As an optimization, block storage starts out on the stack—just like blocks themselves do. If the block is copied using Block_copy (or in Objective-C when the block is sent a copy), variables are copied to the heap. Thus, the address of a __block variable can change over time.
~ Will ARC always release an object the line after the last strong pointer is removed? Or is it undetermined and at some unspecified point in the future it will be released? Similarly, assuming that you don't change anything with your program, will ARC always be the same each time you run and compile your program?
~ How do you deal with handing an object off to other classes? For example, suppose we are creating a Cake object in a Bakery class. This process would probably take a long time and involve many different methods, so it may be reasonable for us to put the cake in a strong property. Now suppose we want to hand this cake object off to a customer. The customer would also probably want to have a strong pointer to it. Is this ok? Having two classes with strong pointers to the same object? Or should we nil out the Bakery's pointer as soon as we hand off?
Your code should be structured so the answer to this doesn't matter - if you want to use an object, keep a pointer to it, don't rely on ARC side effects to keep it around :) And these side effects might change with different compilers.
Two strong pointers is absolutely fine. ARC will only release the object when both pointers are pointing to something else (or nothing!)
ARC will implement the proper retains and releases at compile time. It will not behave any different than if you put them in there yourself so it will always do the same compilation and to answer your question should always behave the same. But that said it does not mean that your object will always be released immediately after the pointer is removed. Because you never call dealloc directly in any form of objective C you are only telling it that there is no reference count and that it is safe to release. This usually means that it will be released right away though.

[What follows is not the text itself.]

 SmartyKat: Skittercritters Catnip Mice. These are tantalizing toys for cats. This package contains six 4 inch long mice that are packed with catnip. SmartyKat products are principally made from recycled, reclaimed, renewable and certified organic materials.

If you pass an object from one class to another and the receiving class has a strong property associated with it and the class that passes it off eventually nils its pointer it will still have a reference count of at least 1 and will be fine.

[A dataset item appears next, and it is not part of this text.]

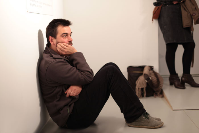 Ecouter/Voir : Hughes Kolp - concert déambulatoire au BAM - Exposition "Le modèle a bougé" © Luc Van de Velde

Ok, first this answer might helpt you also a little bit: ARC equivalent of autorelease?
Generally after the last strong variable is nilled, the object is released immediately. If you store it in a property, you can nil the property, assign it to something like __strong Foo *temp = self.bar; before you nil, and return that local __strong variable (although arc normally detects the return, and inferes the __strong byitself).
Some more details on that: Handling Pointer-to-Pointer Ownership Issues in ARC
DeanWombourne's answer is correct; but to add to (1).
In particular, the compiler may significantly re-order statements as a part of optimization. While method calls will always occur in the order written in code (because any method call may have side effects), any atomic expression may be re-ordered by the compiler as long as that re-order doesn't impact behavior. Same thing goes for local variable re-use, etc...
Thus, the ARC compiler will guarantee that a pointer is valid for as long as it is needed, no more. But there is no guarantee when the pointed to object might be released other than that it isn't going to happen beyond the scope of declaration. There is also no guarantee that object A is released before B simply because A is declared and last used before B.
IN other words, as long as you write your code without relying on side effects and race conditions, it should all just work.
Please keep you code proper as it has diffrent behaviour on diffrent complier.